On June 13, 2009, the spire was struck by lightning during a thunderstorm. The angel Moroni statue was tarnished, and was replaced on August 11, 2009.

The temple was initially dedicated by church president Thomas S. Monson on August 21, 2009, with nine total sessions held through August 23. A cornerstone ceremony was held before the first session, which included a local choir singing.

In 2020, like all others in the church, the Oquirrh Mountain Utah Temple was closed for a time in response to the COVID-19 pandemic.

== Design ==
Designed by Naylor Wentworth Lund Architects, the temple's architecture reflects both the cultural heritage of the South Jordan area and the spiritual significance of the church.

The temple is on an 11-acres, is 60,000 square feet, with a spire height of 193 feet, which includes the 9 foot angel Moroni statue. The surrounding landscaping has water fountain, grass fields, and flower gardens. These elements are designed to provide a tranquil setting to enhance the sacred atmosphere of the site.

The structure stands 183 feet tall, constructed with Uinta Gold granite from China. The exterior has art glass windows with stars, circles, and flutes, elements chosen for their symbolic significance and alignment with temple traditions. The design uses elements that are reflective of both the local culture and broader church symbolism.

The interior has limestone from Egypt and Morocco and white oak wood from Indiana and Kentucky throughout the temple, as well as bronze handrails, chandeliers with Swarovski crystals. White Oak doors cut for the temple came from the German Alps. Murals made for the temple as originals were created by church service missionaries, who were commissioned to create artwork for the temple under the directions of a senior artist. The temple includes six sealing rooms, four instruction rooms, a celestial room, a bride's room, and a baptistry, each designed for ceremonial use. The celestial room has a 15-foot-tall chandelier with 19,447 individual crystals.

The design uses symbolic elements representing Latter-day Saint symbolism, to provide deeper spiritual meaning to its appearance and function. Symbolism is important to church members and include the 10-foot-tall statue of the angel Moroni that sits atop the temple, which represents “the restoration of the gospel of Jesus Christ.”

== Temple presidents ==
The church's temples are directed by a temple president and matron, each serving for a term of three years. The president and matron oversee the administration of temple operations and provide guidance and training for both temple patrons and staff.

Serving from 2009 to 2012, the first president of the Oquirrh Mountain Utah Temple was Alan S. Layton, with the matron being Leslie P. Layton. As of 2024, Michael C. Cannon is the president, with Shauna L. Cannon serving as matron.

== Admittance ==
On January 31, 2009, the church announced the public open house that was held from June 1-August 1, 2009 (excluding Sundays). The temple was dedicated by Thomas S. Monson from August 21 from 23, 2009, in nine sessions.

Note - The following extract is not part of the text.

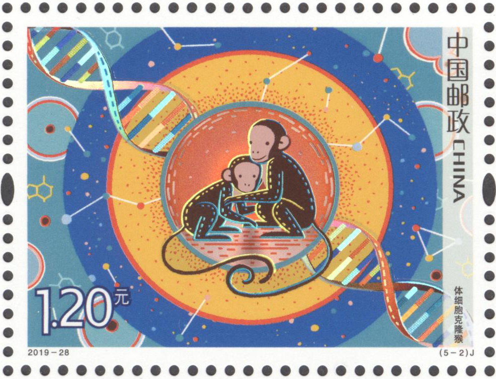 邮票设计采用手绘插画的表现手法,构图简洁明快,色彩组合对比浓烈,视觉风格鲜明,具有一定的超现实感。第一图表现探月工程“嫦娥四号”着陆器、“玉兔二号”巡视器、“鹊桥”中继星等;第二图表现了于2017年11月27日、12月5日诞生的两只克隆猴“中中”和“华华”;第三图以高速公路寓意同时具备铁磁性、体绝缘性、拓扑非平庸性的磁性掺杂拓扑绝缘体薄膜,配合能带图,展现电子在拓扑绝缘体薄膜中高效运动的情景;第四图通过表现大脑、肠道等人体内环境,以及海藻、药物胶囊、化学结构式等图案,体现出GV-971新颖的药物作用模式与独特的多靶作用特征;第五图描绘了强流质子直线加速器、快循环同步加速器、靶站的外部造型,悬浮在空中的圆形球体表示散裂中子源在材料科学、物理学、生命科学、新能源等领域的广泛应用和广阔前景。

Like all the church's temples, it is not used for Sunday worship services. To members of the church, temples are regarded as sacred houses of the Lord. Once dedicated, only church members with a current temple recommend can enter for worship.

==See also==

- The Church of Jesus Christ of Latter-day Saints in Utah
- Comparison of temples of The Church of Jesus Christ of Latter-day Saints
- List of temples of The Church of Jesus Christ of Latter-day Saints
- List of temples of The Church of Jesus Christ of Latter-day Saints by geographic region
- Temple architecture (Latter-day Saints)

==Additional reading==
- "Groundbreaking Held for Oquirrh Mountain Utah Temple" (2006)
- Page, Jared (2006). "S. Jordan planners OK temple"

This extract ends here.